Dataset excerpt Start Marker
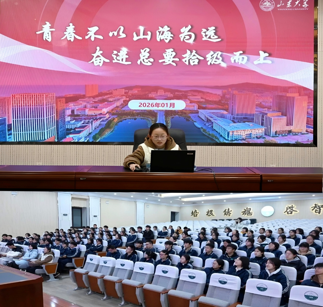 山东大学“天启四骑士”实践活动小组开展母校回访实践活动,通过主题宣讲、互动答疑、经验分享等形式,向母校学弟学妹介绍山大校史文化、学科优势与招生政策,以实际行动传递山大精神。
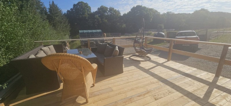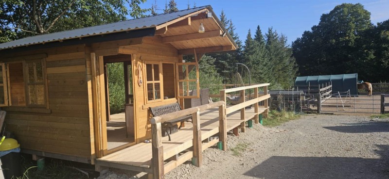 | Pferde können an den Stützpfeilern angebunden werden Plätze: 4 | Sitzgelegenheiten unter Dach, direkte Sicht zu den Pferden, Trockene Aufbewahrung für Sattel/Gepäck |
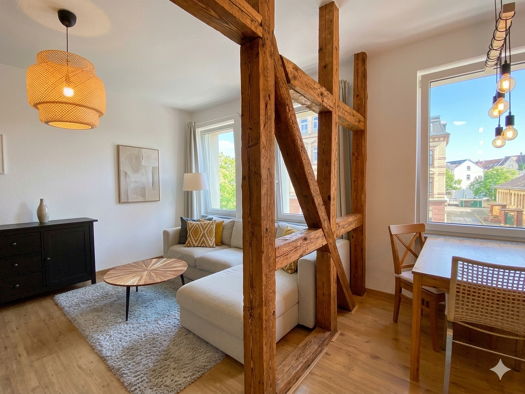 Diese exklusive, hochwertig sanierte 2-Zimmer-Wohnung verbindet auf harmonische Weise historischen Charme mit modernem Wohnkomfort auf höchstem Niveau. Das Herzstück der Immobilie bildet der großzügige und lichtdurchflutete Wohnbereich, in dem eine offene Wohnküche integriert ist. Ein besonderer architektonischer Blickfang sind hierbei die historisch aufgearbeiteten Holzbalken, die als eleganter Raumteiler fungieren und dem Wohnzimmer eine einzigartige, behagliche Atmosphäre verleihen. Für die ...
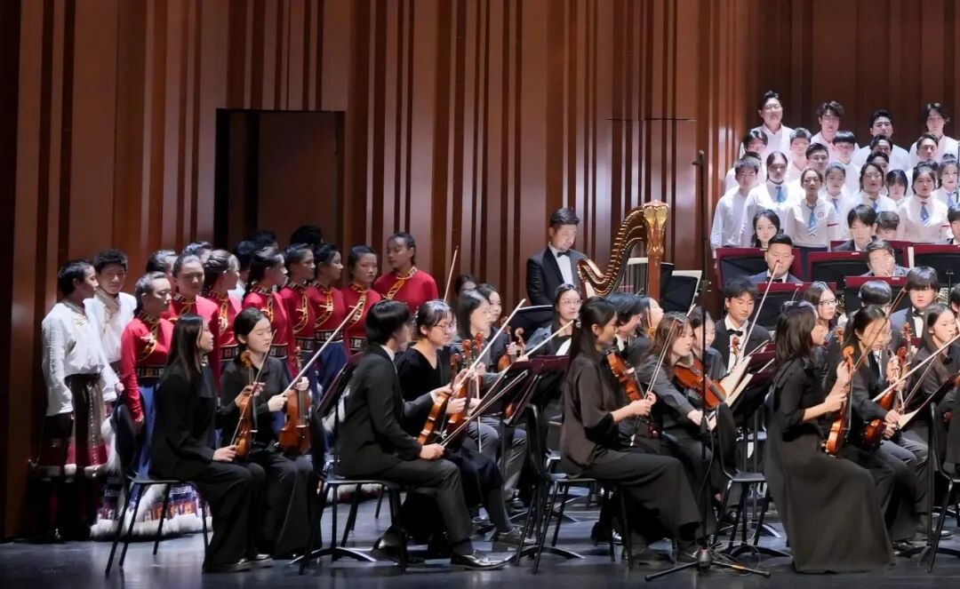 11月27日晚,果洛西宁民族中学的果韵同声合唱团身着民族服饰,登上上海音乐学院建校98周年音乐会舞台,与上海音乐学院合唱团一起,参与由光未然作词、冼星海作曲的大型合唱声乐套曲《黄河大合唱》的演唱,共庆上音建校98周年,赢得现场阵阵掌声。
Dataset excerpt End Marker
I need the lines from the line containing "Diese exklusive, hochwertig" through the final line of the listing duplicated exactly, both ends included, with no pictures and nothing else.

■ Response box:
 Diese exklusive, hochwertig sanierte 2-Zimmer-Wohnung verbindet auf harmonische Weise historischen Charme mit modernem Wohnkomfort auf höchstem Niveau. Das Herzstück der Immobilie bildet der großzügige und lichtdurchflutete Wohnbereich, in dem eine offene Wohnküche integriert ist. Ein besonderer architektonischer Blickfang sind hierbei die historisch aufgearbeiteten Holzbalken, die als eleganter Raumteiler fungieren und dem Wohnzimmer eine einzigartige, behagliche Atmosphäre verleihen. Für die ...
 11月27日晚,果洛西宁民族中学的果韵同声合唱团身着民族服饰,登上上海音乐学院建校98周年音乐会舞台,与上海音乐学院合唱团一起,参与由光未然作词、冼星海作曲的大型合唱声乐套曲《黄河大合唱》的演唱,共庆上音建校98周年,赢得现场阵阵掌声。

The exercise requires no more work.